Ein inguinaler (= im Leistenkanal) liegender Hoden kann gelegentlich vom Tierarzt ertastet werden, ein abdominal (= in der Bauchhöhle) liegender nicht. Mit Hilfe der Ultraschalluntersuchung können sowohl inguinale als abdominale Hoden lokalisiert werden. Der abdominal gelegene Hoden kann mit zunehmendem Alter stark schrumpfen, was das Auffinden des Hodens beim erwachsenen Hund erschwert.
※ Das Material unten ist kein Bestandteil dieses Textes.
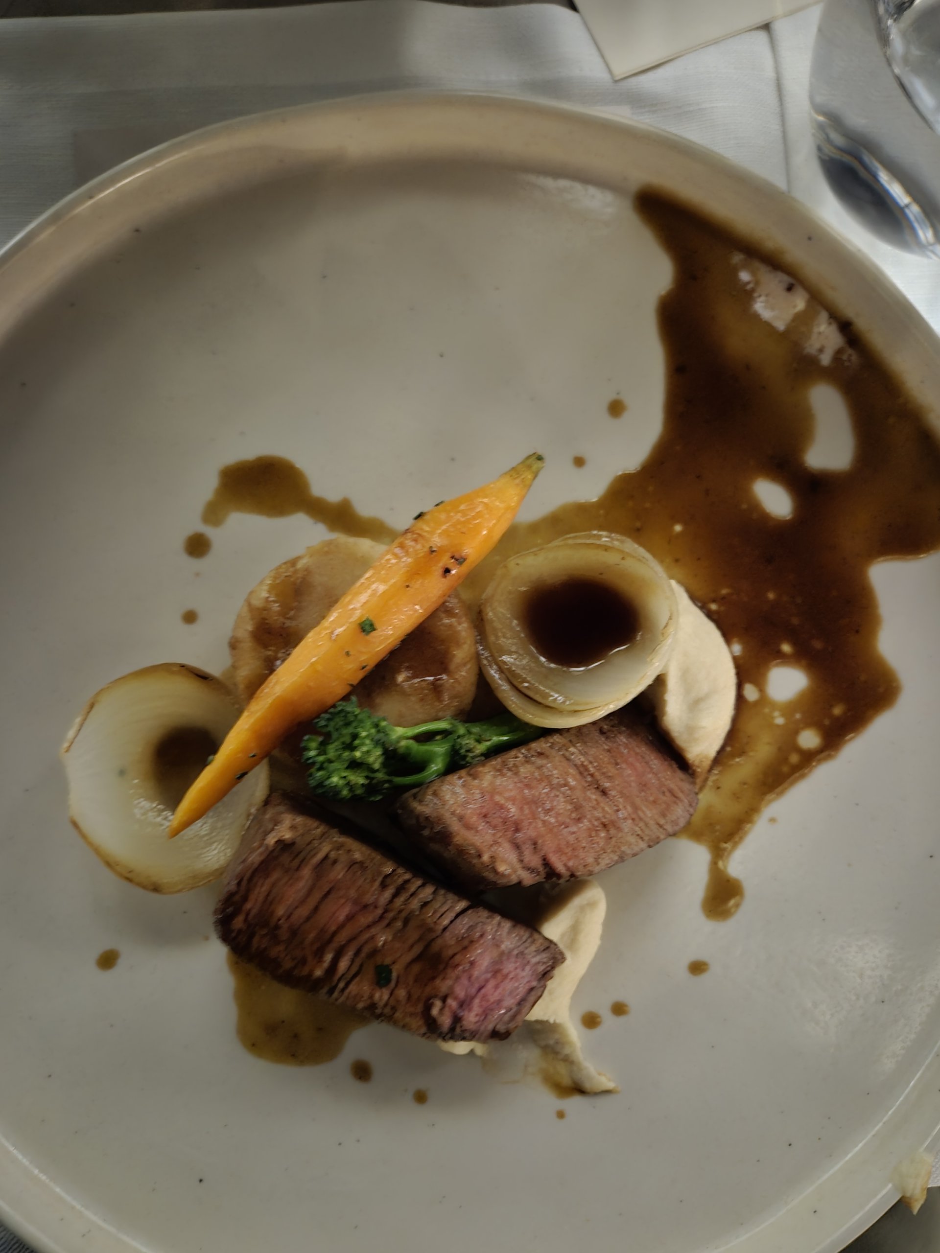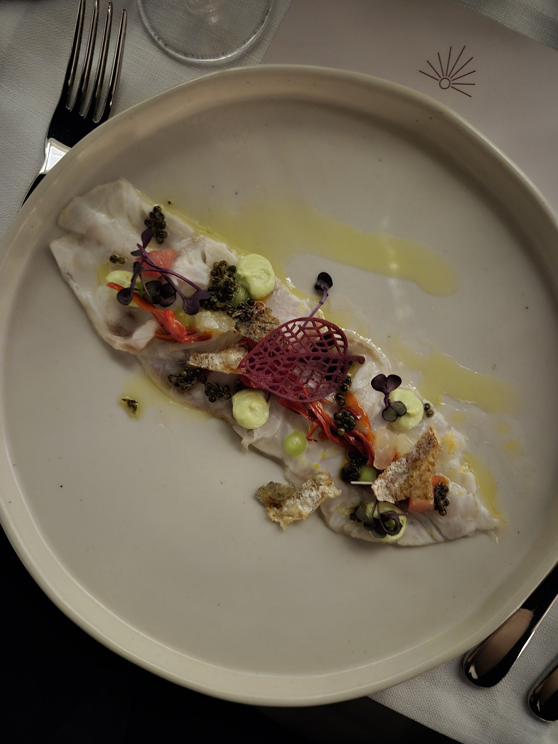 Στην πρώτη μας επίσκεψη, εμείς δοκιμάσαμε το Salt Baked Daikon Radish, ένα πιάτο όλο δροσιά, με ζελέ από παντζάρι, μήλο και βαλσάμικό, το Sea Bass Cru, που ήταν ένα λαβράκι όλο γεύσεις και αρώματα, με κόκκινο πιπέρι, αβοκάντο, χαβιάρι και dressing εσπεριδοειδών. Το κυρίως μας, ένα μοσχαρίσιο φιλέτο, με πρόκολο, baby καρότα, πατάτες Fondant και σος κόκκινου κρασιού, συμφωνήσαμε όλοι ότι ήταν απίστευτα γευστικό. Την εμπειρία μας ολοκλήρωσε το γλυκό, που απογείωσε τον ουρανίσκο μας.

Da die Hormonproduktion in nicht abgestiegenen Hoden normal verläuft, kann durch die Bestimmung des Testosteronspiegels im Blut (= männliches Geschlechtshormon) ein Kryptorchide von einem kastrierten Rüden abgegrenzt werden. Während bei einem kryptorchiden Rüden annähernd vergleichbare Werte wie bei einem intakten Rüden gemessen werden können, sind bei kastrierten Rüden nur noch geringe Mengen an Testosteron im Blut nachweisbar.

Behandlung

Bei Welpen kann bis zum sechsten Monat mit einer Hormontherapie und täglicher Massage versucht werden, den Hodenabstieg zu provozieren. Eine operative Verlagerung von kryptorchiden Hoden sollte nicht durchgeführt werden, da diese unterentwickelt bleiben. Beide Behandlungsmethoden sind jedoch umstritten und zudem aus züchterischer Sicht nicht sinnvoll, da die Hunde aufgrund der Erblichkeit der Erkrankung ohnehin nicht zur Zucht eingesetzt werden sollten.
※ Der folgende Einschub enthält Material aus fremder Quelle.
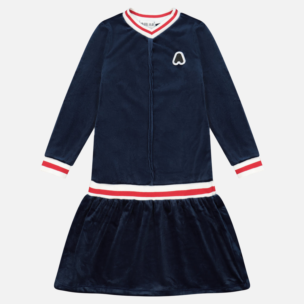 שמלת קטיפה בשילוב ריב - נייבי
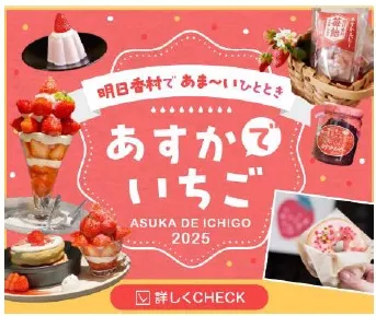 明日香村(奈良県高市郡、村長:森川裕一)は、村の特産いちご「あすかルビー」を、「体験」「食」「買」などあらゆる分野で楽しむことができる「あすかでいちごキャンペーン」を2025 年1 月から順次実施します。

Die gängigste und erfolgversprechendste Therapie ist die Kastration, das heißt die Entfernung des kryptorchiden Hodens. Bei einseitigem Kryptorchismus kann der gesunde Hoden belassen werden. Mit Hinblick auf die Erblichkeit der Erkrankung sollte jedoch der Samenleiter durchtrennt werden, um eine Fortpflanzung auszuschließen. Dies ist insbesondere deswegen anzuraten, da andere Erbkrankheiten häufig mit dem Kryptorchismus vergesellschaftet sind. Die Kastration muss nicht bereits im Welpenalter stattfinden, sollte jedoch auch nicht zu spät erfolgen, um einer etwaigen Tumorentwicklung entgegenzuwirken. Bei inguinalem Kryptorchismus muss nicht zwingend kastriert werden, diese Hunde sollten jedoch aus den oben genannten Gründen ebenfalls nicht zur Zucht eingesetzt werden.

Kryptorchismus Operation
Zur Prävention von Hodentumoren sollte die Kastration durchgeführt werden
Prognose

Nach erfolgreicher Entfernung kryptorchider Hoden besteht eine sehr gute Prognose. Ist es bereits zu Komplikationen (Tumor, Hodentorsion) gekommen, kann sich die Heilungschance verschlechtern. Hat ein Tumor bereits metastasiert (= gestreut), ist von einer ungünstigen Prognose auszugehen.